You can put ball cup onto the shaft end. The other end if you had along the line of a Ksg center mount you ought to be able to put it right on.


----------



## NCFRC (Aug 4, 2005)

I just picked up a car which has one of these on it.
Definnitly the cadillac of shocks .
The diaphram cap gasket does a great job of removing air and with a bleeder hole there's no compression gain.
CRP used to sell those cap diaphrams years ago , but you can probably get them separate from HPI.

R.S.


----------



## burbs (Apr 21, 2002)

ProSport said:


> I'd like to purchase these HPI shocks for the center of our pan cars but was wondering about mounting them. In the picure it shows an 'eyelet' at each end of the shock, but my current shock has ball-cups on the ends. Can my cups be screwed right onto the ends of the HPI shocks, or does it require more work than that?
> 
> 
> 
> ...


The shocks pictured are not HPI.... I assume you found them on eBay! 

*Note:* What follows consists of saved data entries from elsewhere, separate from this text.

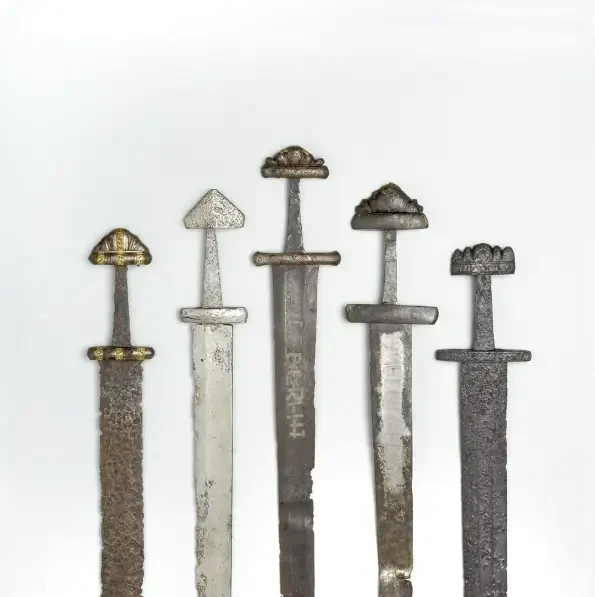 В Норвегии найдено около 3000 мечей эпохи викингов, как простых, так и богато украшенных. На многих имеются инкрустированные надписи ULFBERHT или INGELRII, что указывает на то, что сами клинки ковались на территории современной Южной Германии, а надписи являются своего рода торговой маркой. Слева направо: меч из Стейнсвика, Нордланд, меч из Рисволда в Телемарке, 800-850 гг.; меч из Хедмарка, 900-ый год; меч из Момрака в Телемарке, 950-1000 гг., меч из источника в графстве Хедмарк, 800 г. Музей истории культуры университета в Осло
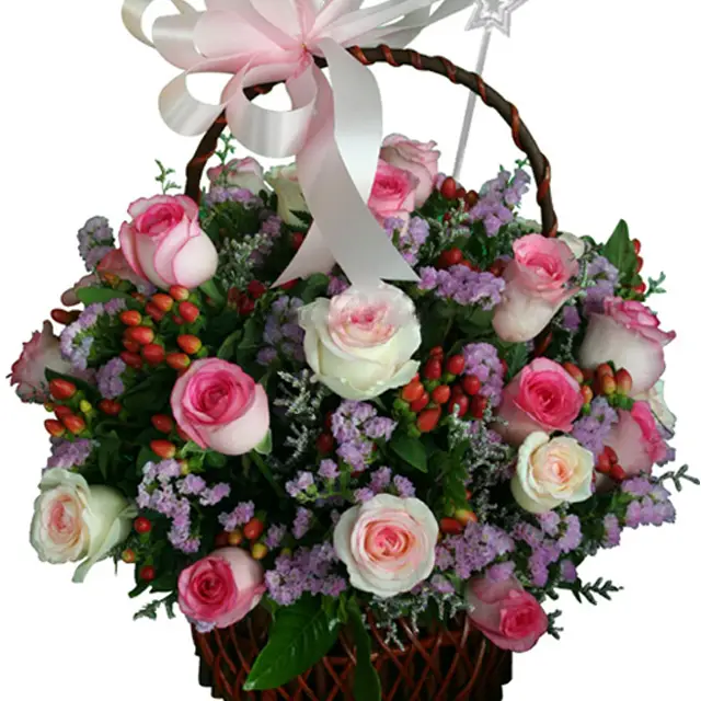 A basket of love filled with soft pink roses and purple fillers with greenies.
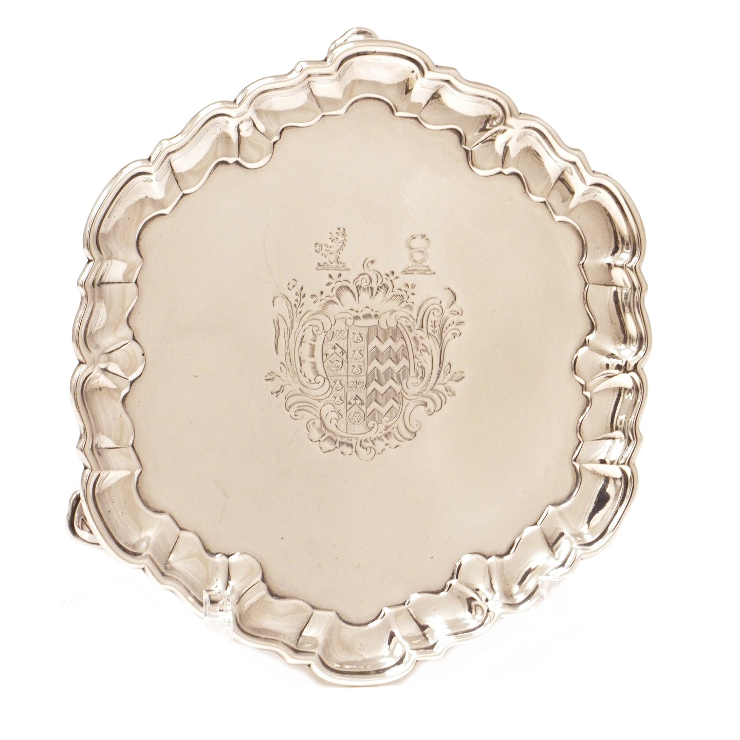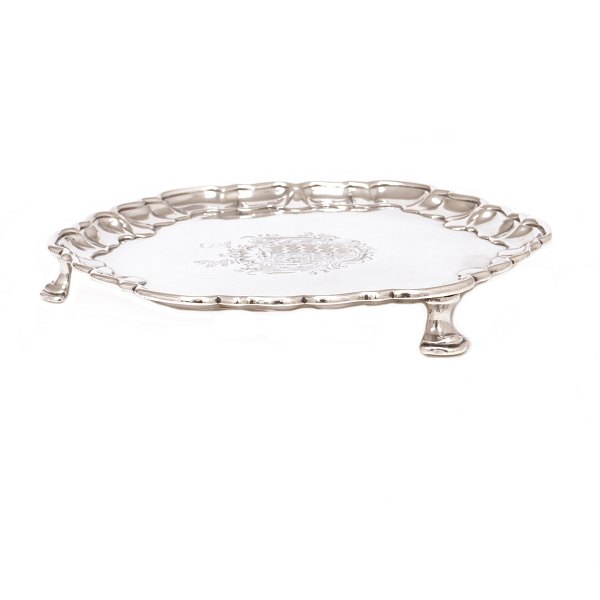 George II silver salver with coat of arms London 1736-37 H: 2cm. D: 18cm. W: 372gr Item number: 495
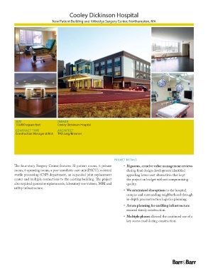 Th e four-story Surgery Center features 32 patient rooms, 6 private • Rigorous, creative value management reviews

.. those shocks pictured are offbrand, and the sellers list them as HPI. I got a set about a year ago.. there is only one piston choice, there an odd size and they just plain dont work as well as an HPI or Associated shock..


----------



## burbs (Apr 21, 2002)

This is what an hpi shock looks like..


----------



## ProSport (Dec 24, 2005)

How are they able to use HPI's name and get away with it? I knew there had to be a catch being that cheap.


----------



## NCFRC (Aug 4, 2005)

Yes mine looks like Burbs picture-------

I just cost too much and isn't worth it to sue some off-brand copy company, they can just say it was a misprint .


----------